* **EXERCISE BRIEF**:
The data that follows is to be copied exactly, with each image removed.

Start of DATA SHOWN

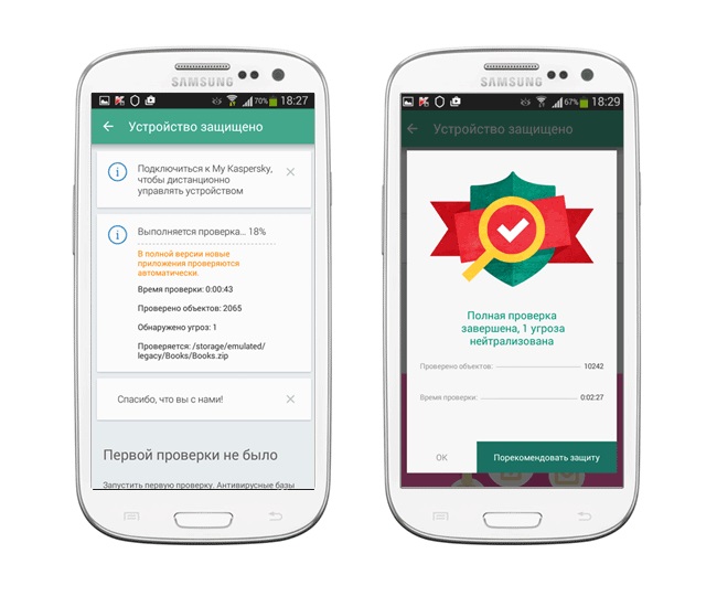 Il n'y a que deux applications à cet effet: Kaspersky Anti-Virus et Security Suite. Ces deux programmes sont très similaires l'un à l'autre. Pour vérifier la présence de virus sur votre appareil mobile, vous devez télécharger l'une de ces applications et exécuter une analyse.
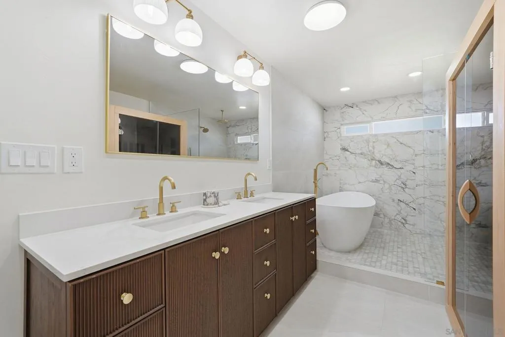 Welcome to 82 2nd Avenue, a fully remodeled, one-of-a-kind home in West Chula Vista with a true custom feel. The property features a wrap around driveway waiting for you to give it the dream entrance you’ve always wanted. The property has entrance from both sides directly into the backyard. The house has an over sized detached two car garage with extra storage room. Upon entry, you are greeted with a foyer that opens into a massive open area combining the living, dining, and separate sitting area. A 16-foot bi-fold door connects the home to the backyard ready for your hosting and indoor outdoor enjoyment. The home offers 5 bedrooms and 4 full bathrooms, including 3 en-suite bedrooms with private bathrooms, ideal for multigenerational and in law living. The primary bedroom includes a spa-like bathroom with a wet room including a Roman tub, rainfall shower, sauna, and private toilet room. Close to your living area is a true custom kitchen features walnut cabinetry, a 48-inch range, 60-inch refrigerator, 12-foot island, and a bonus vegetable sink. Seller has plans in process with architect and engineer for two ADUs, each 2 bed 1 bath 599 square feet.
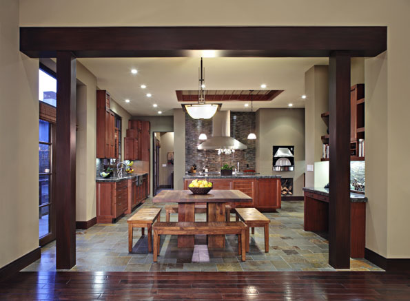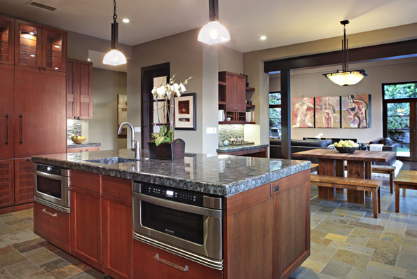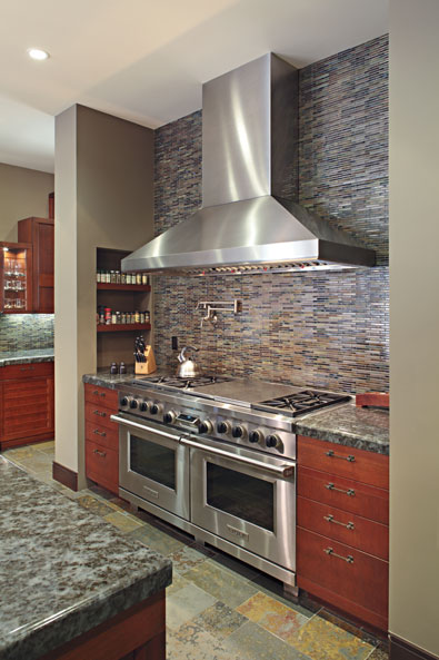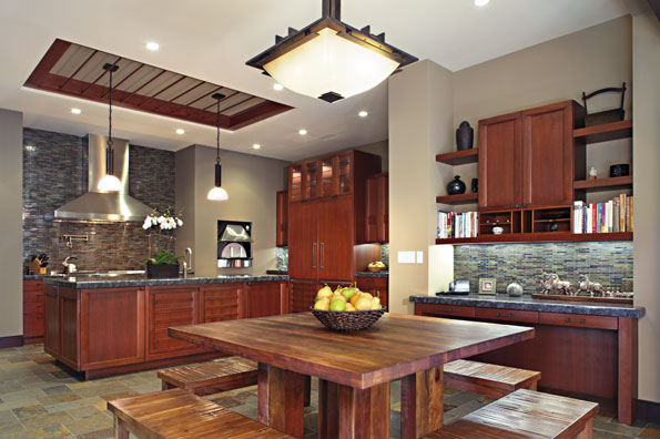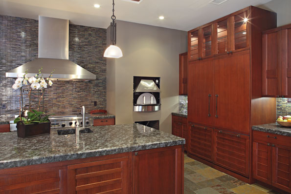 | For this entertainer’s kitchen, the owner wanted a strong Asian aesthetic merged with a warm Tuscan sensibility.

End of DATA SHOWN

* **SOLUTION TO THIS EXERCISE**:
 Il n'y a que deux applications à cet effet: Kaspersky Anti-Virus et Security Suite. Ces deux programmes sont très similaires l'un à l'autre. Pour vérifier la présence de virus sur votre appareil mobile, vous devez télécharger l'une de ces applications et exécuter une analyse.
 Welcome to 82 2nd Avenue, a fully remodeled, one-of-a-kind home in West Chula Vista with a true custom feel. The property features a wrap around driveway waiting for you to give it the dream entrance you’ve always wanted. The property has entrance from both sides directly into the backyard. The house has an over sized detached two car garage with extra storage room. Upon entry, you are greeted with a foyer that opens into a massive open area combining the living, dining, and separate sitting area. A 16-foot bi-fold door connects the home to the backyard ready for your hosting and indoor outdoor enjoyment. The home offers 5 bedrooms and 4 full bathrooms, including 3 en-suite bedrooms with private bathrooms, ideal for multigenerational and in law living. The primary bedroom includes a spa-like bathroom with a wet room including a Roman tub, rainfall shower, sauna, and private toilet room. Close to your living area is a true custom kitchen features walnut cabinetry, a 48-inch range, 60-inch refrigerator, 12-foot island, and a bonus vegetable sink. Seller has plans in process with architect and engineer for two ADUs, each 2 bed 1 bath 599 square feet.
 | For this entertainer’s kitchen, the owner wanted a strong Asian aesthetic merged with a warm Tuscan sensibility.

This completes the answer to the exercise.